Why does identity verification matter?

AI is having a significant impact on every industry and sector by reshaping the way we think, operate, and work. But for all the positive time efficiencies and cost savings it brings, there’s also a darker impact that no business area is resistant to.

Our latest UK Identity and Fraud report found that 23% of businesses had knowingly encountered Gen-AI related fraud in 2024 and, shockingly, this figure had jumped to 35% within the first few months of 2025. Without the appropriate due diligence, this is likely set to rise.

As fraudsters use deepfakes, synthetic identities, and forged documents to launch bolder and more sophisticated attacks, businesses must similarly evolve. To protect both your operations and customers, it’s essential to create more robust anti-fraud strategies, and one of the key ways to do this is with identity verification.

What is identity verification?

Identity verification is a process used to confirm and authenticate the identity of an individual. It typically involves verifying the accuracy and legitimacy of information provided by an individual to ensure they are who they claim to be.

 

Back in the day, this process happened face to face. Opening a bank account or making a large payment were done in person, and so would require paper documentation as proof of identity. Now, in our digital-first world where consumers bank, shop, and access pretty much all services via a device, providers need more robust and comprehensive ways to identify and authenticate consumers remotely using digital tools.

There are a huge variety of technologies and processes that allow for effective and remote digital identity verification, and they fall into two key categories:

1. A digital approach to traditional identity verification

This includes the ability to check customers’ details, such as name, address and date of birth, against trusted data sources, like banking records.
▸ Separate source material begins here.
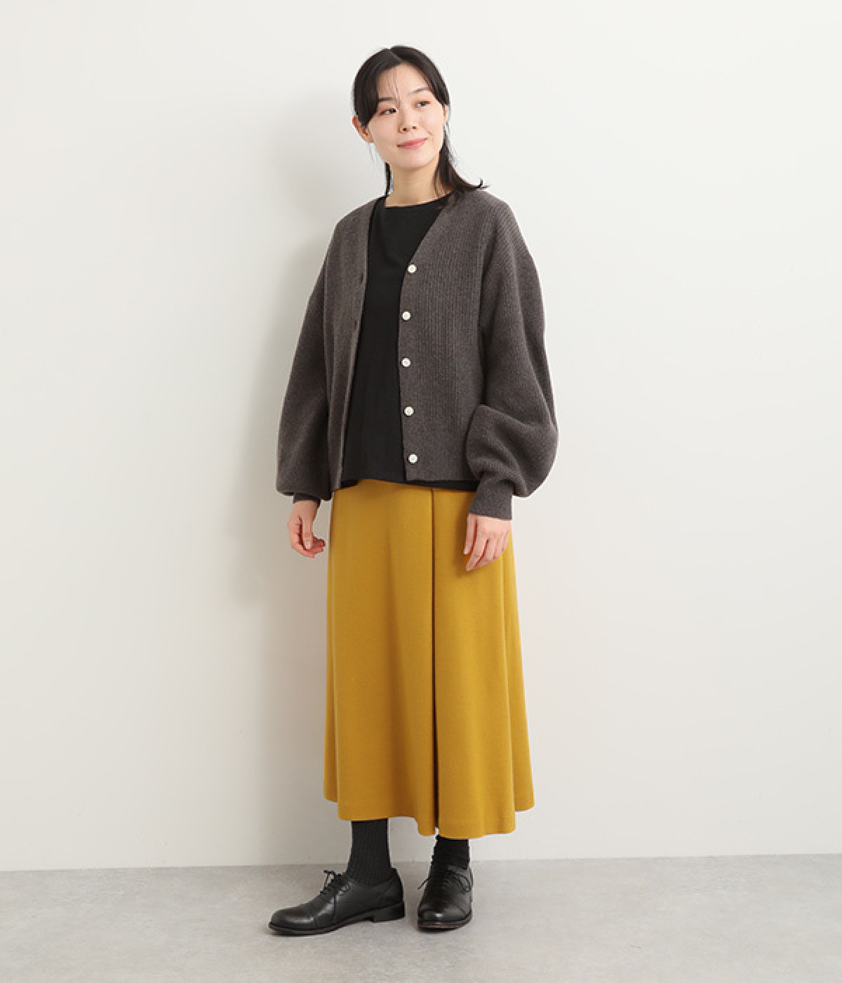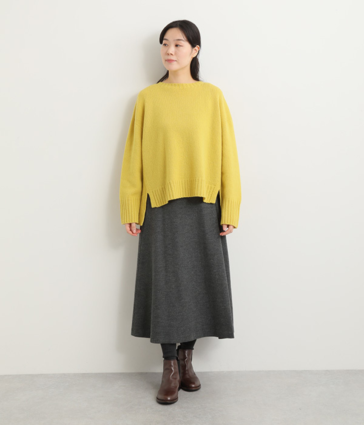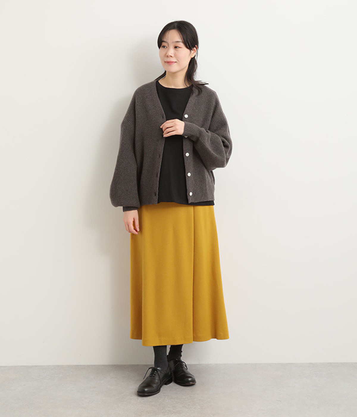 ゆるやかなフレアラインが大人の装いにぴったり

It could also mean verifying their identity documents remotely using AI or machine learning technologies.

2. An analysis of customers’ behaviour, devices, or digital footprints

This includes using device biometrics and data analytics to understand more about the device a customer is using to make their application. Here, the device’s location and IP address can be cross-checked with the customers’ identity information and documentation, essentially ensuring that the data points match and the process is happening in an expected location. This category also includes behavioural biometrics, which does what it says on the tin and helps organisations analyse how customers interact with – and behave – during the application process. The results can help indicate whether an online identity is genuine or fake.

 

What about identity validation and authentication?
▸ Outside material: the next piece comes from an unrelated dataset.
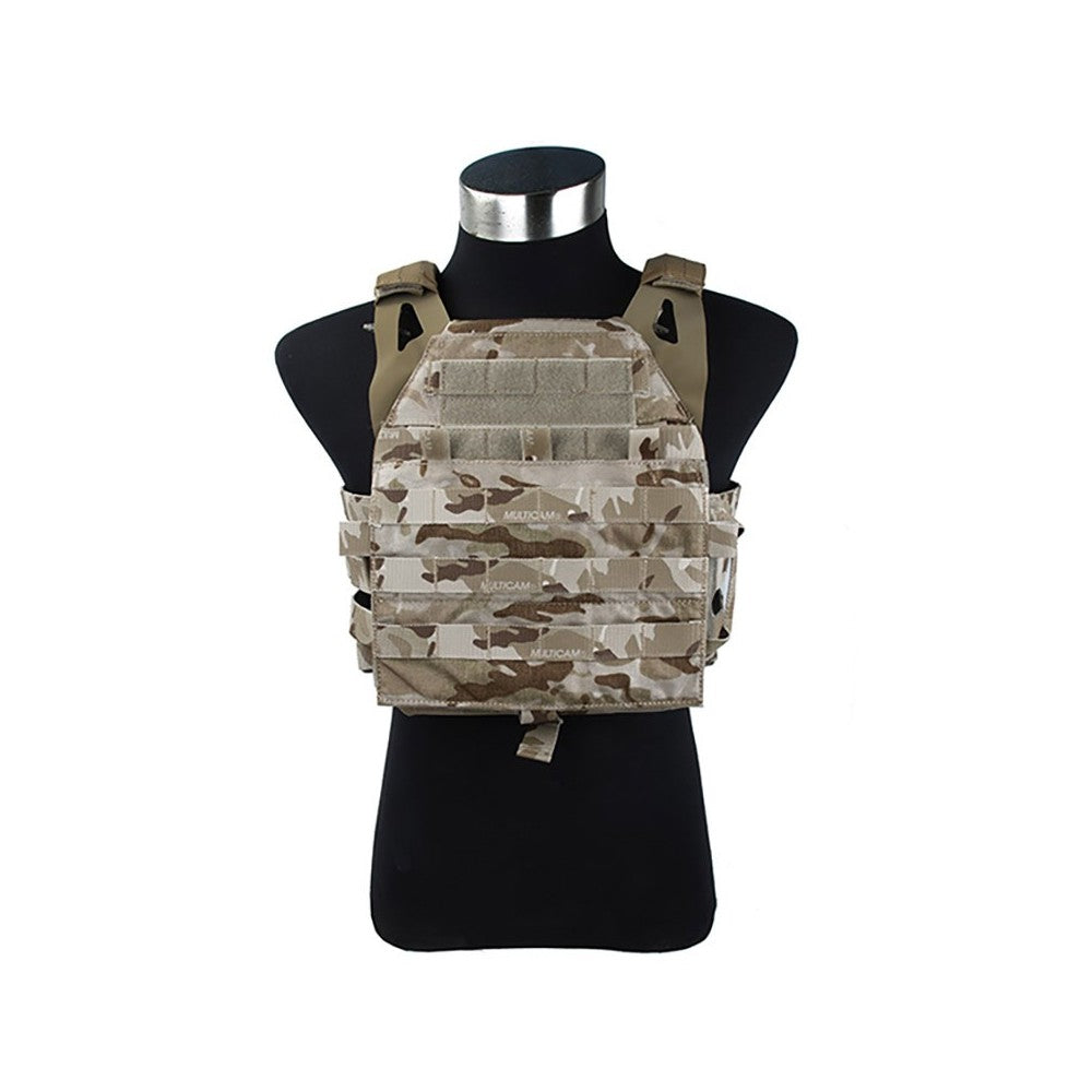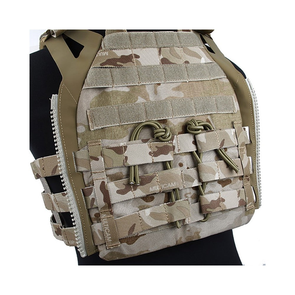 This TMC Jungle Plate Carrier 2.0 Swimmer Cut is a lightweight and minimal armor vest designed for maximum mobility, weight savings, and pack ability. At just over one pound for the entire carrier, this TMC Jungle Plate Carrier 2.0 Swimmer Cut offers a variety of configuration options to suit an operators needs in terms of protection, modularity, and comfort. All Assault Vest System detachable front flaps are compatible (Included Molle platform). It features lightweight cummerbund system with Integrated Attachment System that allows pouches to be mounted on both the inside and outside of the cummerbund. This system sheds unnecessary weight and bulk while improving overall ventilation.

The term ‘identity verification’ often, understandably, gets used interchangeably with ‘identity validation’ and ‘identity authentication’. But they’re actually three distinct steps in the process of establishing and trusting a person’s identity:

  • Identity validation checks a user’s details against trusted sources to ensure they exist.
  • Identity verification connects that real-world person to the validated data.
  • Identity authentication is the ongoing process of confirming that a returning user is the same person who set up the account.

What is it?

Identity validation is where an individual’s personal information, such as their name, phone number, or email address, is checked against trusted databases, such as postal address files, phone records, or even basic credit data, to ensure they exist in the real world. Once it’s confirmed that the individual exists, customers are issued with a username and password to validate their identity whenever they login to the business’s website or app.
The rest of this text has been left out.